Yes, DuckDB provides its own load! function - but it only supports DataFrames, and requires all tables to be converted to that type. Where is Julia/Tables.jl composability? (:
Btw, its argument order differs from SQLite.load! - yeah, this function isn’t in DBInterface so they don’t really have to follow anything, but consistency would be nice.
At least reading DuckDB tables seems faster than SQLite (see 1st post) - as could be expected.
Whelp, I guess the inconsistent argument order is actually my fault since I PR’d that function Could still be changed, I don’t think many people know that exists… But to be fair, it is SQLite.jl being inconsistent with the ! convention in the first place, because the thing that is being modified is the database, not the inserted table.
@quinnj - indeed it would be good to make it consistent. Especially, as I expect that DuckDB.jl will in the future be a very important component of JuliaData ecosystem (DuckDB is constantly getting loads of excellent features). Maybe it would even make sense to define the signature in DBInterface to make sure every database that supports it does it consistently?
For now I’ve been just evaluating DuckDB.jl for potential use, not using it myself. Looks like it’s very tightly tied to DataFrames unlike other database packages. Even taking DataFrames as a dependency seems weird for a database package (it’s quite a heavy dep), even more so - exposing/requiring those types in the interface.
I guess I’ll just continue using mature sqlite and SQLite.jl, leaving some performance on the table in the rare case of large databases. Hoping for someone more familiar with duckdb/DuckDB.jl to make that package more integrated with Julia types/tables.
I remember seeing an issue in the DuckDB repo about adoption of the Tables.jl interface but couldn’t find it anymore. Would definitely be nice to have, maybe alongside integration with Arrow.jl, which is already available for python and R.
Column vs row storage makes a difference here. If I’m not mistaken, other column stores like Clickhouse have similar limitations.
One reason could be that the fast data insert path of registering an external table and copying from it relies on a particular memory layout. Tables.jl doesn’t expose enough functionality to figure that out easily, but DataFrames should. In the meantime, I noticed DuckDB.jl does expose a low-level appender API which should work with arbitrary data.
Fair point! Seems like the executemany function cannot take advantage of the whole dataset being available immediately, and runs INSERTs one by one.

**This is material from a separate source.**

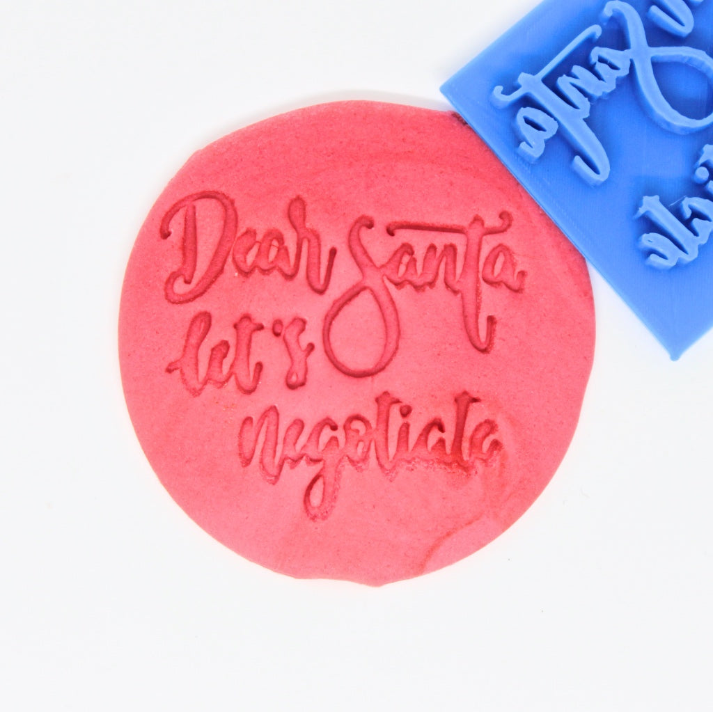 This Dear Santa Let's Negotiate cookie fondant embosser is great for creating detailed edible decorations for the Christmas cakes, cookies or cupcakes. Our cookie embossers can be used with gum paste, sugar paste, fondant, modelling paste and more. Make your decorations extra special, and use some lustre dusts to make it sparkle.

Surprised to hear. Many (most? all?) column-based table types in Julia provide an efficient zero-copy Tables.columntable(tbl) conversion that returns a namedtuple of vectors.
Is there anything else needed for efficient load! ?
Interesting. Is that guaranteed to return contiguous Vectors of not-too-exotic types or just any old AbstractVector? If the former, I guess someone would “just” have to generalize the DuckDB table integration to handle this.